* Problem to work on:
Omitting all pictures, retype the entries below exactly as given.

+--

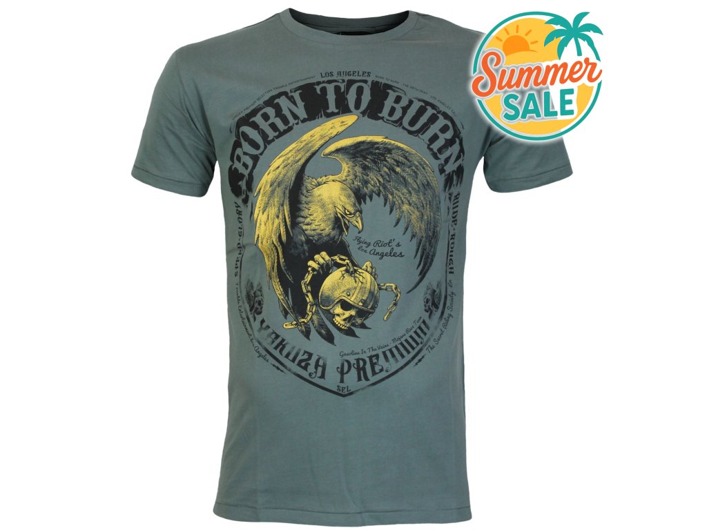 Tričko Yakuza Premium 3804 - zelené olivové, Born to Burn, Flying Riots Los Angeles
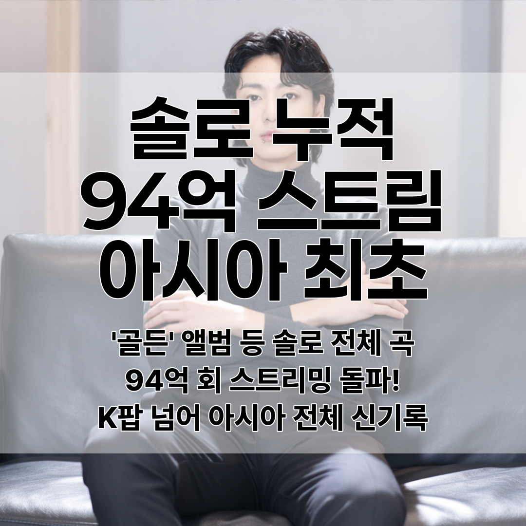 정국의 솔로 활동 성과는 '세븐' 하나로 끝나지 않아요. 전체 솔로 곡들의 누적 스트리밍이 무려 94억 회를 넘었거든요! 😱
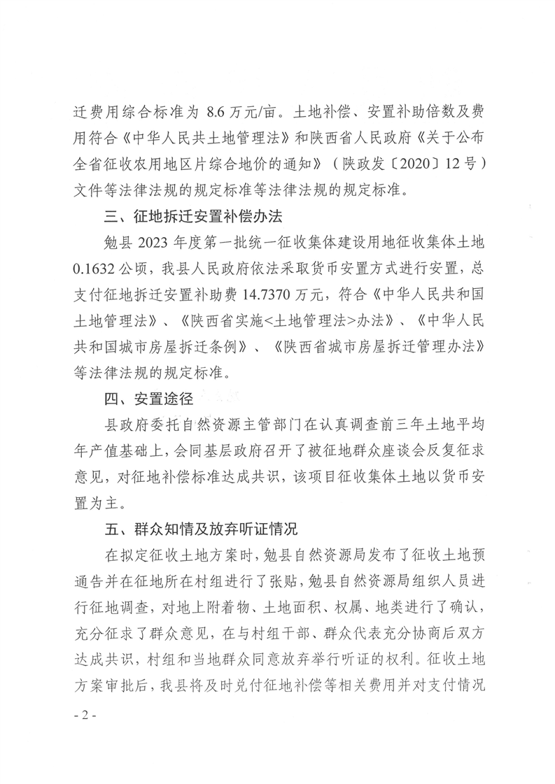 关于勉县2023年度第一批统一征收集体建设用地拆迁补偿标准安置途径及履行征地程序情况的说明
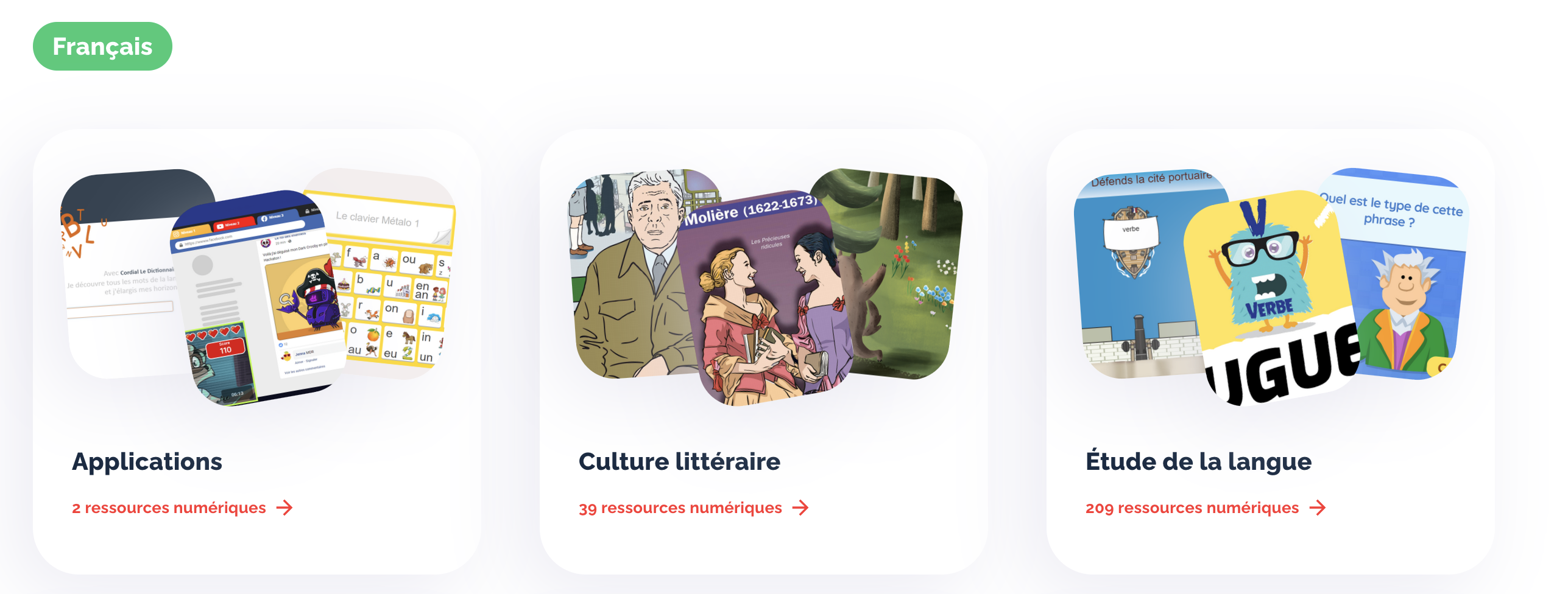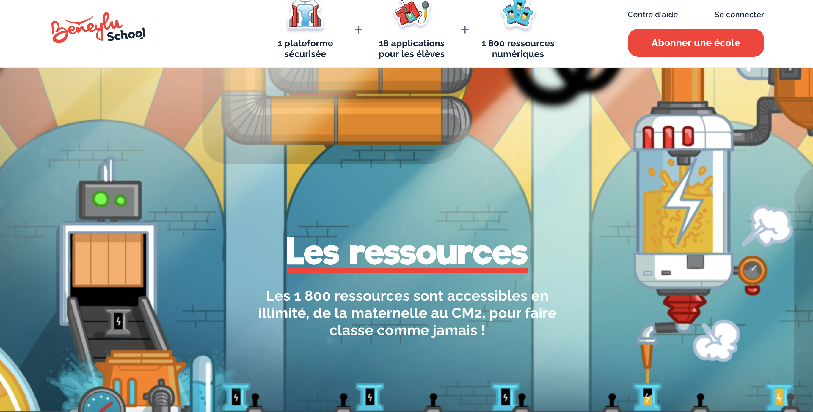 Beneylu School, l’ENT du département du Val D’Oise propose 1 800 ressources numériques pour le primaire, fournies par 19 éditeurs en un seul abonnement. Les ressources sont classées par domaine d’activités comme le français, l’histoire, les mathématiques, l’EPS...
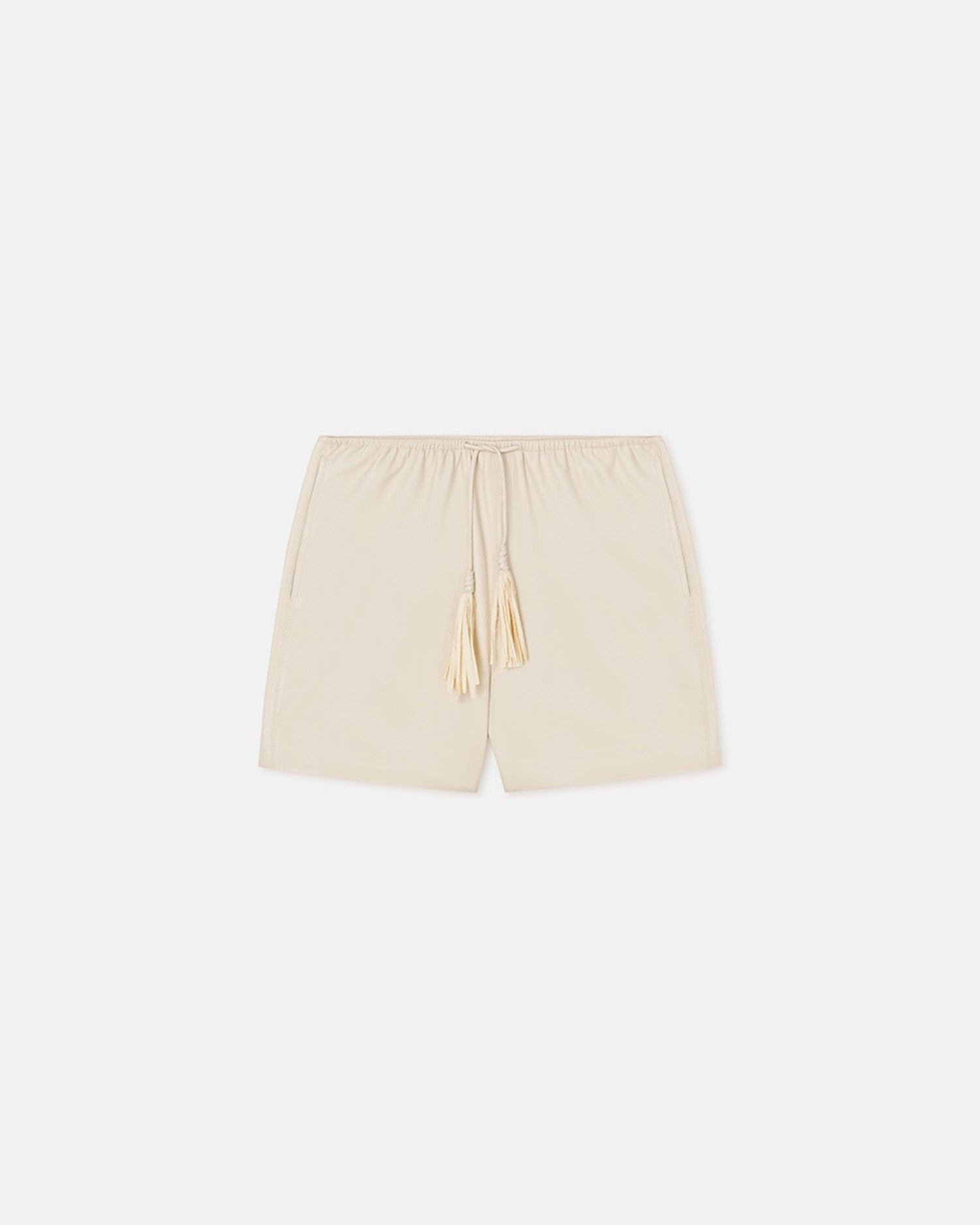 The Aniela shorts are crafted from our exclusive OKOBOR™ alt-leather fabric. They sit high on the waist with nomadic-inspired tasselled drawstring ties for flexibility. Fit Standard fit, matches usual sizing. Materials and Care Shell: Base: 100% Polyester (Recycled), Coating: 100% Polyurethane, Trimmings: 72% Nylon (Recycled) 28% Cotton Do not wash, do not bleach, do not tumble dry, do not iron, dry clean any solvent except trichloroethylene. Handle with care to ensure garment lifespan. Repair or resell to support circular fashion. This product is made from a delicate fabric and has a special finish, dark colors may transfer onto the light surface of this product and cause damage. Please handle this product with care - store separately and keep away from dark colors.
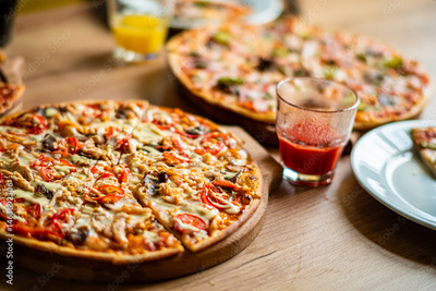 Freshly baked pizzas with bright toppings invite all to enjoy a delightful meal
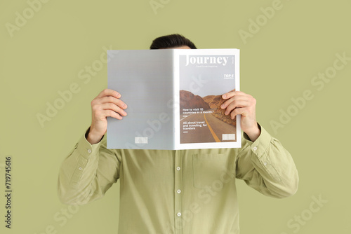 Handsome man reading magazine on green background
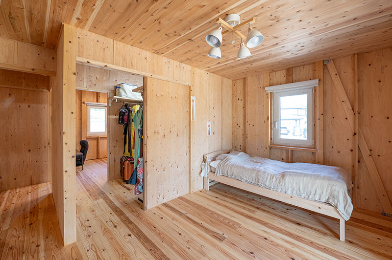 建物の東南に配置した明るいお部屋は、奥様の寝室。間にクローゼットを挟んで向こう側はご主人の寝室です
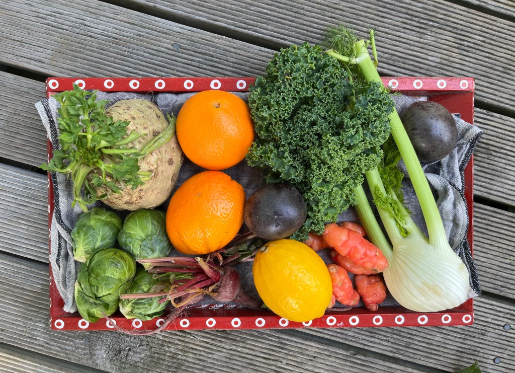 Once again I’m hungry after reading your post! 😀 I’m loving that gorgeous box of fruit & veg too.
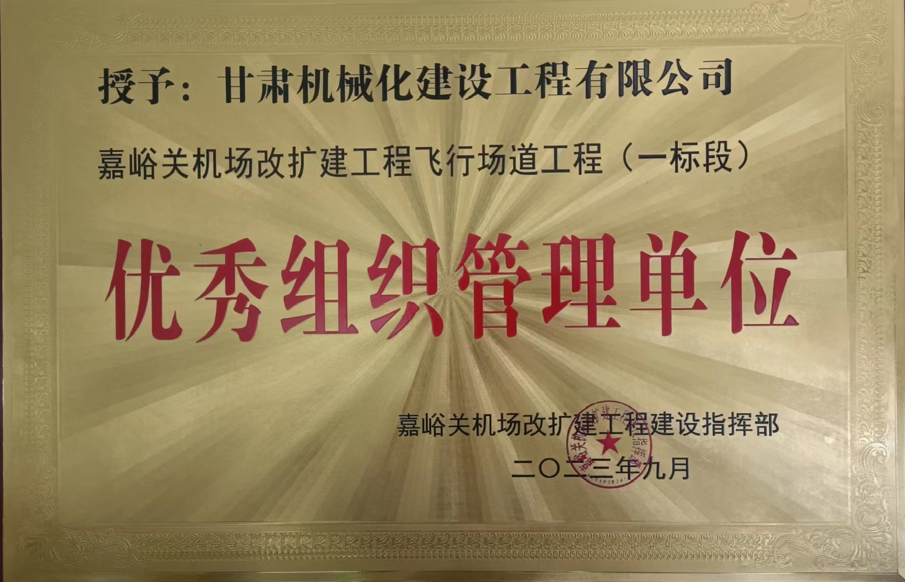 近日,嘉峪關機場改擴建工程建設指揮部對在嘉峪關酒泉機場改擴建工程中作出重要貢獻的參建單位給予通報表彰,公司榮獲“嘉峪關機場改擴建工程飛行場道工程 (一標段)優秀組織管理單位”稱號,徐栓紅同志被授予“優秀技術負責人榮譽稱號”。?

+--

* Result for this task:
 Tričko Yakuza Premium 3804 - zelené olivové, Born to Burn, Flying Riots Los Angeles
 정국의 솔로 활동 성과는 '세븐' 하나로 끝나지 않아요. 전체 솔로 곡들의 누적 스트리밍이 무려 94억 회를 넘었거든요! 😱
 关于勉县2023年度第一批统一征收集体建设用地拆迁补偿标准安置途径及履行征地程序情况的说明
 Beneylu School, l’ENT du département du Val D’Oise propose 1 800 ressources numériques pour le primaire, fournies par 19 éditeurs en un seul abonnement. Les ressources sont classées par domaine d’activités comme le français, l’histoire, les mathématiques, l’EPS...
 The Aniela shorts are crafted from our exclusive OKOBOR™ alt-leather fabric. They sit high on the waist with nomadic-inspired tasselled drawstring ties for flexibility. Fit Standard fit, matches usual sizing. Materials and Care Shell: Base: 100% Polyester (Recycled), Coating: 100% Polyurethane, Trimmings: 72% Nylon (Recycled) 28% Cotton Do not wash, do not bleach, do not tumble dry, do not iron, dry clean any solvent except trichloroethylene. Handle with care to ensure garment lifespan. Repair or resell to support circular fashion. This product is made from a delicate fabric and has a special finish, dark colors may transfer onto the light surface of this product and cause damage. Please handle this product with care - store separately and keep away from dark colors.
 Freshly baked pizzas with bright toppings invite all to enjoy a delightful meal
 Handsome man reading magazine on green background
 建物の東南に配置した明るいお部屋は、奥様の寝室。間にクローゼットを挟んで向こう側はご主人の寝室です
 Once again I’m hungry after reading your post! 😀 I’m loving that gorgeous box of fruit & veg too.
 近日,嘉峪關機場改擴建工程建設指揮部對在嘉峪關酒泉機場改擴建工程中作出重要貢獻的參建單位給予通報表彰,公司榮獲“嘉峪關機場改擴建工程飛行場道工程 (一標段)優秀組織管理單位”稱號,徐栓紅同志被授予“優秀技術負責人榮譽稱號”。?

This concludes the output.